Differential Effects of Soil Water Content and Temperature on Nitrification and Aeration

Environmental concerns have stimulated increased interest in NO − 3 accumulation in soils. The aeration status of the soil, which is mainly governed by the water content and temperature, is a central factor. The biological process responsible for NO − 3 accumulation, nitrification, was measured to estimate the combined effects of water content and temperature and determine their joint effect on soil aeration. The effects of temperatures of 15, 20, 25, 30, and 35°C and water contents equivalent to 0.35, 0.42, 0.50, 0.52, 0.57, and 0.60 relative water content (volumetric water content/total porosity) on the nitrification activity of soil samples containing 2‐mm sieved soils taken at 0 to 20 or 20 to 40‐cm depth were determined by measuring NO − 3 accumulation for 17 h. A descriptive model including three biological parameters, maximum nitrification rate (Nr max ), optimal relative water content (Θ opt ), and temperature, was developed. Maximum Nr max occurred at 25.5°C in 0‐ to 20‐cm soil and at 20°C in 20‐ to 40‐cm soil, suggesting an adaptation of soil nitrifying populations to the temperature regime of the soil.

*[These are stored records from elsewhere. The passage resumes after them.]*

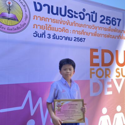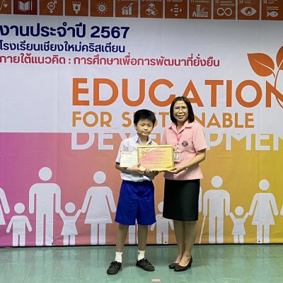 ขอแสดงความชื่นชมและร่วมแสดงความยินดีกับ เด็กชายปริญญ์ วุฒิสุภา นักเรียนชั้นประถมศึกษาปีที่ 3/5 ที่ได้รับรางวัล ชนะเลิศ การแข่งขัน Spelling bee ระดับชั้นประถมศึกษาปีที่ 1-3 กลุ่มสาระการเรียนรู้ภาษาต่างประเทศ ในงานประจำปี โรงเรียนเชียงใหม่คริสเตียน ภาคการแข่งขันทักษะทางวิชาการ ปีการศึกษา 2567 เมื่อวันที่ 3 ธันวาคม 2567 ณ โรงเรียนเชียงใหม่คริสเตียน
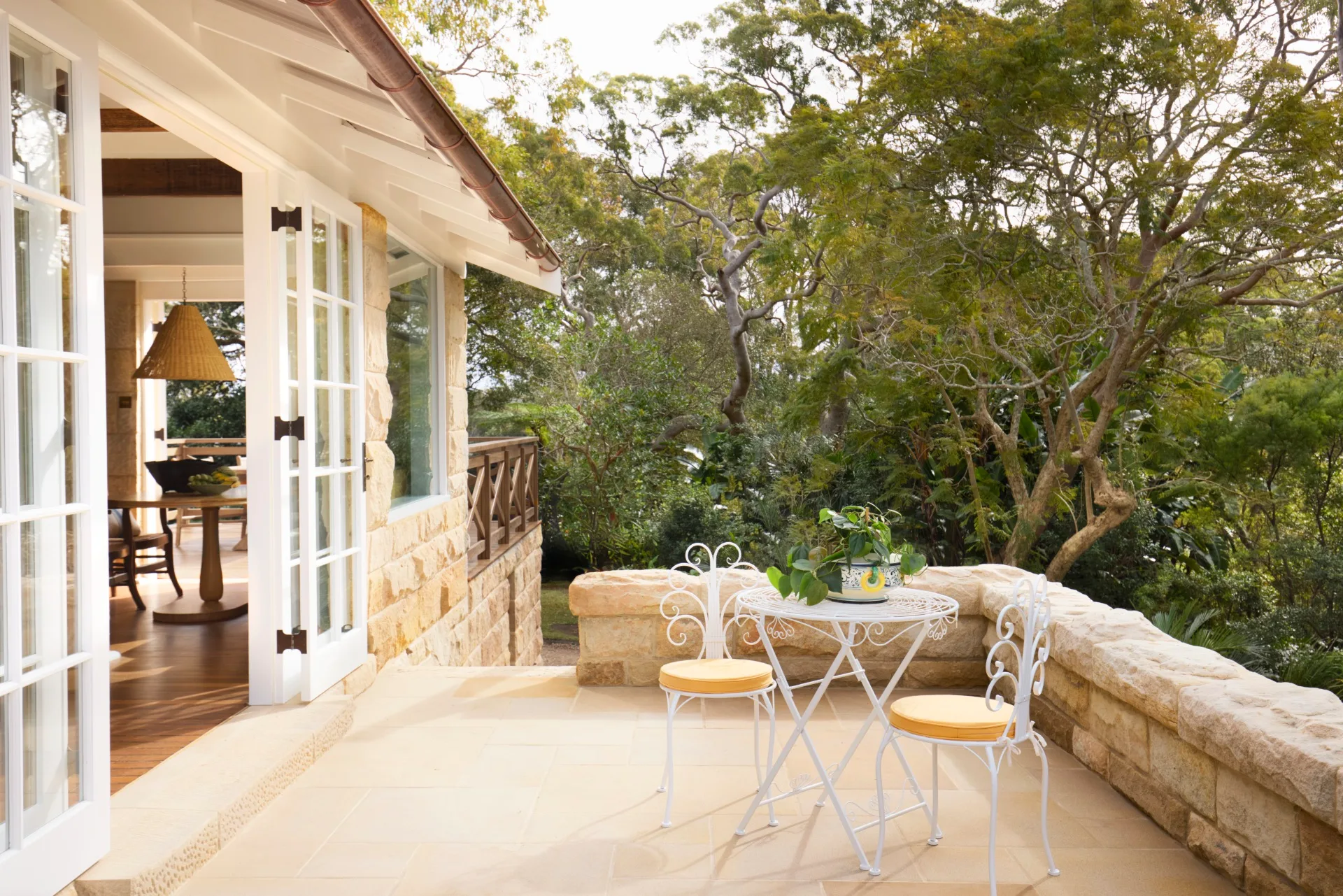 Windows and trims painted Dulux Lexicon Quarter. Furniture, stylist’s own. Sandstone flooring, True Stone Design. (Photography: Prue Ruscoe | Styling: Olga Lewis)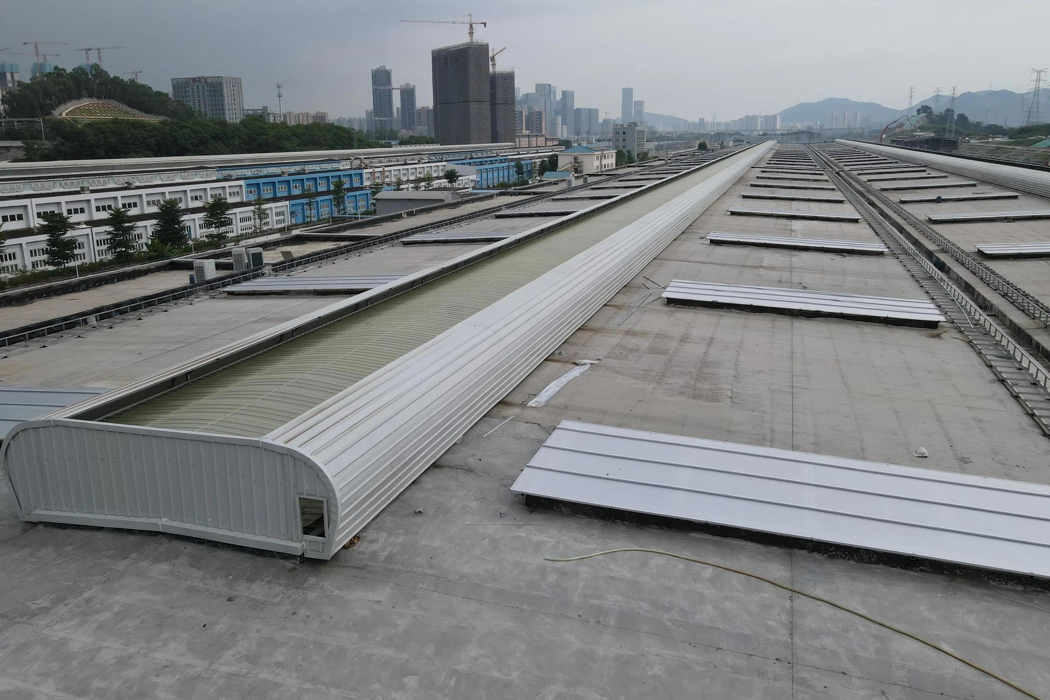 宜兴市弧线型通风气楼施工现场

The Nr max value was negatively related to Θ opt , and Θ opt was dependent on temperature ( T ). This Θ opt ( T ) relationship was parabolic in nature, with Θ opt being at a minimum between 20 and 25°C. It could be simulated using O 2 diffusion and respiration rates, inferring that these processes influenced Θ opt and T correlation. The ranges of O 2 concentrations favorable to maximum nitrification within an aggregate volume fraction were estimated for different temperatures. Nitrification was generally maximum when the intraaggregate pore spaces were saturated with water, with no water in the interaggregate pore space (i.e., 0.44 relative water content at 25°C and 0.36 at 20°C at 0‐ to 20‐ and 20‐ to 40‐cm depths).